The TIMESTAMP field is a formalized timestamp derived from [RFC3339]. Whereas [RFC3339] makes allowances for multiple syntaxes, this document imposes further restrictions. The TIMESTAMP value MUST follow these restrictions:

The "T" and "Z" characters in this syntax MUST be upper case.
Usage of the "T" character is REQUIRED.
Leap seconds MUST NOT be used.

The originator SHOULD include TIME-SECFRAC if its clock accuracy and performance permit. The "timeQuality" SD-ID described in Section 7.1 allows the originator to specify the accuracy and trustworthiness of the timestamp.

A syslog application MUST use the NILVALUE as TIMESTAMP if the syslog application is incapable of obtaining system time.

6.2.3.1. Examples

Example 1

1985-04-12T23:20:50.52Z

This represents 20 minutes and 50.52 seconds after the 23rd hour of 12 April 1985 in UTC.

Example 2

1985-04-12T19:20:50.52-04:00

This represents the same time as in example 1, but expressed in US Eastern Standard Time (observing daylight savings time).

Example 3

2003-10-11T22:14:15.003Z

This represents 11 October 2003 at 10:14:15pm, 3 milliseconds into the next second. The timestamp is in UTC. The timestamp provides millisecond resolution. The creator may have actually had a better resolution, but providing just three digits for the fractional part of a second does not tell us.

Example 4

2003-08-24T05:14:15.000003-07:00

This represents 24 August 2003 at 05:14:15am, 3 microseconds into the next second. The microsecond resolution is indicated by the additional digits in TIME-SECFRAC. The timestamp indicates that its local time is -7 hours from UTC. This timestamp might be created in the US Pacific time zone during daylight savings time.

Example 5 - An Invalid TIMESTAMP

2003-08-24T05:14:15.000000003-07:00

This example is nearly the same as Example 4, but it is specifying TIME-SECFRAC in nanoseconds.
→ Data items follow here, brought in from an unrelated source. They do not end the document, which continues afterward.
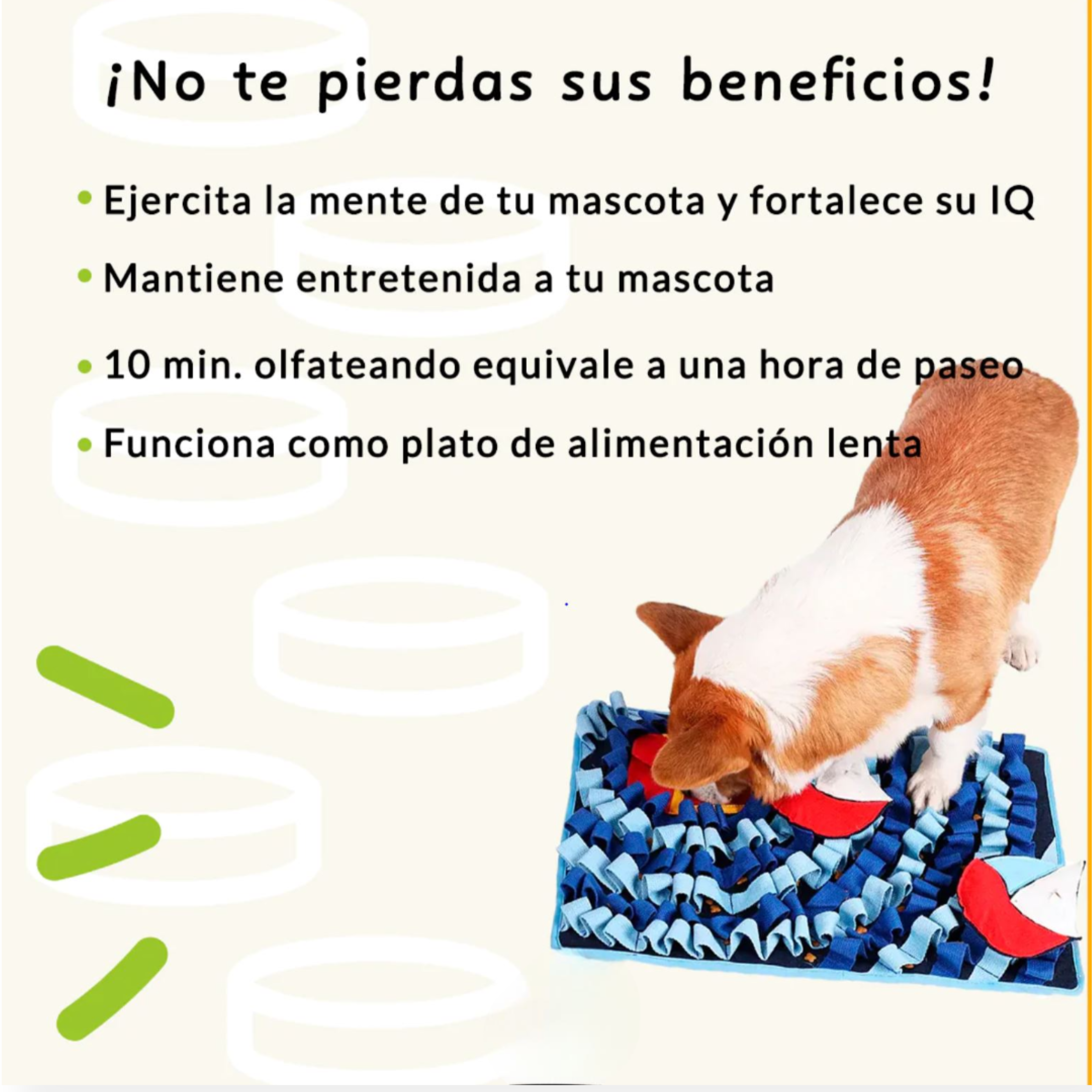 Juguetes para perro o tazón de comida: el tapete puede ser utilizado como juguete para perro de búsqueda, esconde entre sus tiras los premios favoritos de tu mascota; además puede ser utilizado como plato de alimentación lenta, esconde la comida de tu perro y permite que busque con ayuda de sus patas y nariz.
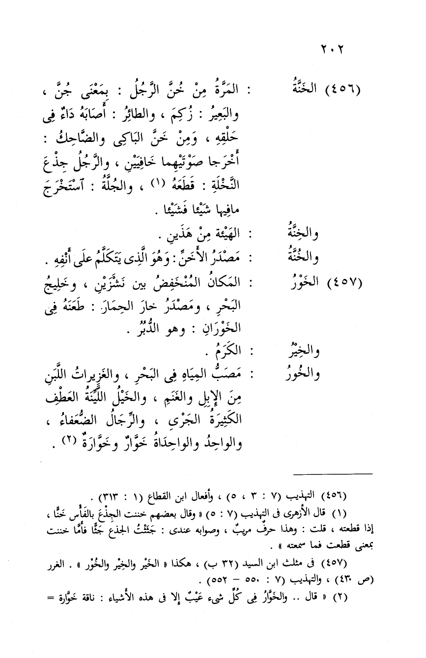 مصب الْمِيَاه فِي الْبَحْر، والغزيرات اللَّبن من الْإِبِل وَالْغنم، وَالْخَيْل اللينة الْعَطف الْكَثِيرَة الجرى، وَالرِّجَال الضُّعَفَاء، وَالْوَاحد والواحداة خوار وخوارة.
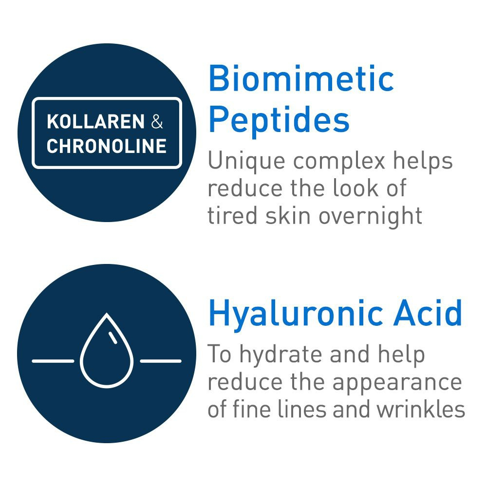 Nighttime is the skin’s chance to repair and renew itself, and a properly formulated night cream provides hydrating and rejuvenating ingredients. We recommend looking for moisture-rich hyaluronic acid, calming niacinamide and barrier-replenishing ceramides like our CeraVe Skin Renewing Night Cream, which also features peptides to help improve the appearance of fatigued skin overnight. -Reduces the appearance of fine lines and wrinkles -Provides intense hydration -MVE Technology: This patented delivery system continually releases moisturizing ingredients for 24-hour hydration -Biomimetic peptides: Improve the appearance of tired-looking skin -Ceramides: Essential for healthy skin, ceramides help restore and maintain the skin’s natural barrier -Hyaluronic acid: This ingredient attracts hydration to the skin’s surface and helps the skin retain moisture -Niacinamide: Helps a compromised skin barrier while improving the appearance of the skin -Non-comedogenic, non-irritating and fragrance-free -Developed with dermatologists Ideal for all skin types, CeraVe Skin Renewing Night Cream features an exclusive complex of biomimetic peptides that work to refresh tired-looking skin, hyaluronic acid to help the skin retain moisture and three essential ceramides that restore and reinforce the skin’s barrier while you sleep. This non-greasy, intensely moisturizing skin renewing night cream is designed to improve the appearance of fine lines and wrinkles, and patented MVE Delivery Technology provides the skin with 24-hour nourishment—so you can wake up looking rested and rejuvenated.
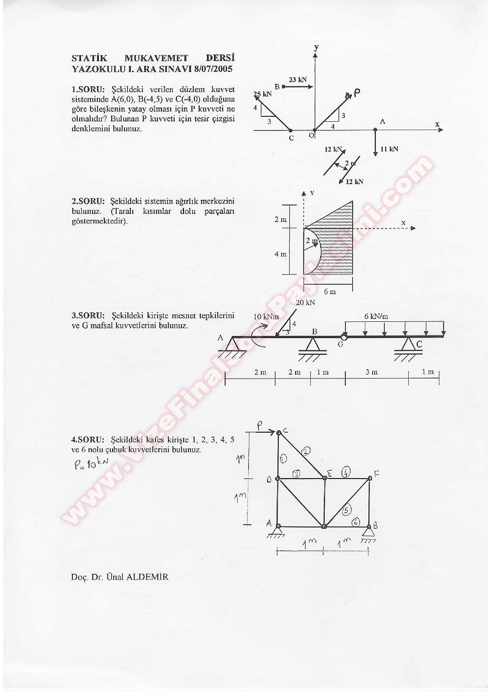 Statik Dersi 2. Vize Soruları - 2005 27-10-2015, 20:54
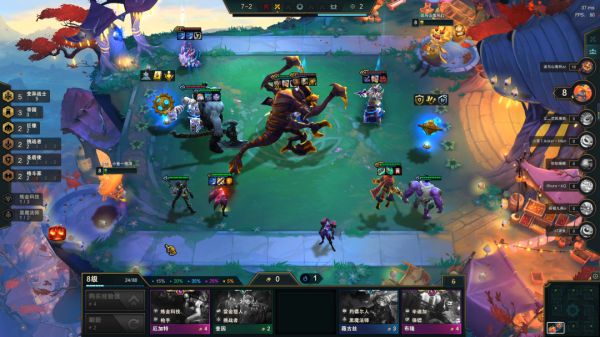 8人口极限(钻石以上玩家看懂即可):要么靠海克斯要么靠铲子,全局想法子去做变异转,这样自己留最好的4个变异加1个变异转出5变异,然后再做一个帝国转给玛尔扎哈,空位子补斯维因,这样是3帝国2黑法,全队都有法强加成,最好卡莎2星后面捡个法爆补输出

This results in TIME-SECFRAC being longer than the allowed 6 digits, which invalidates it.

6.2.4. HOSTNAME

The HOSTNAME field identifies the machine that originally sent the syslog message.

The HOSTNAME field SHOULD contain the hostname and the domain name of the originator in the format specified in STD 13 [RFC1034]. This format is called a Fully Qualified Domain Name (FQDN) in this document.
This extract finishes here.